Waning light at The Stacks…not gonna be seeing this very often or ever going forward.

I contend

Red umbrella shadows
Yellow umbrella shadows archit

Light and no-light is not the same as light and shadow.

Chair shadows

Puddles of the day

Sidewalk puddle

A very rainy morning yielded about 2pm to no-rain and temporary clearing, and I strapped on my walking footwear and headed out. This is the sidewalk-puddle I was looking into when the sun first emerged.

Park puddle

The sun did last through my first tour of the park. It has a special basin for collecting storm water, which today, briefly, made a good reflecting pool.

Park path puddles

By the time I made my return loop perhaps fifteen minutes later, the sun had faded, yet I was still able to see shadows in the park path puddles (say that three times fast!).

By the time I got home it’d been grey for quite a while, no more sun, just overcast. I was encouraged, though, since the rain did not return.

News of the heights

Poles lines empty
Ladder man pole vert

Beautiful sunny day, and I took advantage of it for an early afternoon ramble. I found a power-pole festooned with lines and a light and maybe that’s a transformer, too. That’s not the simple one to three lines passing straight by that I remember from The Old Days.

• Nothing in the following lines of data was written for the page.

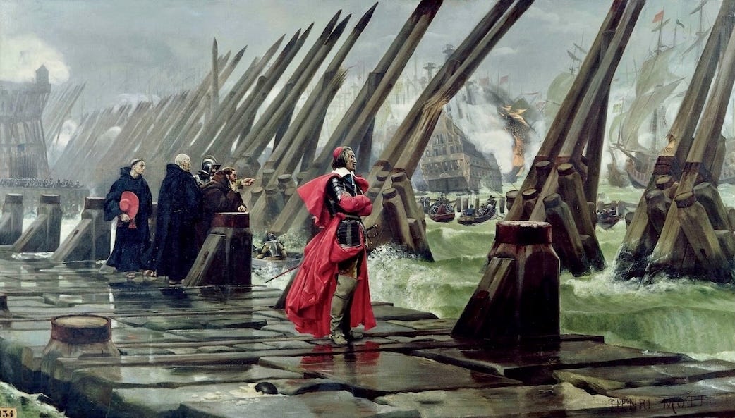 Motte’s stand-out work is probably “The Siege of La Rochelle” (1881), above. La Rochelle, one of the final strongholds of French Huguenots after a century of war against royal Catholic forces, was captured by Cardinal Richelieu after a marathon siege in 1628. Here he stands upon a sea wall built to block the harbor and isolate the city. Motte’s version of events, painted almost 150 years ago, could easily be mistaken for a still from a modern film.
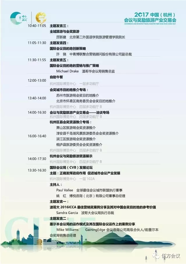 特別邀請(qǐng)到亞太、歐美、非洲等主要城市會(huì)議旅游局、駐華機(jī)構(gòu)及國(guó)際會(huì)獎(jiǎng)旅游組織相關(guān)負(fù)責(zé)人,相聚杭州,探討行業(yè)發(fā)展。
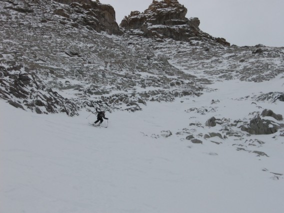 Couloir N: en partant du bas (orientation NO) neige croutée gelée sur les 20 premiers m puis 40 de poudre dense avec légère croute froide en surface sur les 100 premiers m mais ne gênant pas le ski , reposant sur un fond dur. Ensuite à partir du coude (orientation N), le fond est en grain fin puis les 50 derniers m sont un vrai champ de mines: 20 de poudre sur grain fin tendre parsemé de dalles et cailloux. Dry Skiing sur ces 50 m.

Then, around the corner, I found another pole, with fewer accessories on top, and a Man on a Ladder—not a mechanized ladder, just the regular painter-carpenter kind—checking out the lowest level of technologies. I think his work is related to the coming fiber-delivered communication options we keep hearing about (foot-tapping impatience…).

Random thoughts

PiedPk bamboo

Walking by this healthy stand of bamboo, I thought, why aren’t the world’s ecosystems dominated by cockroaches and bamboo? Or, more abstractly, insects and grasses?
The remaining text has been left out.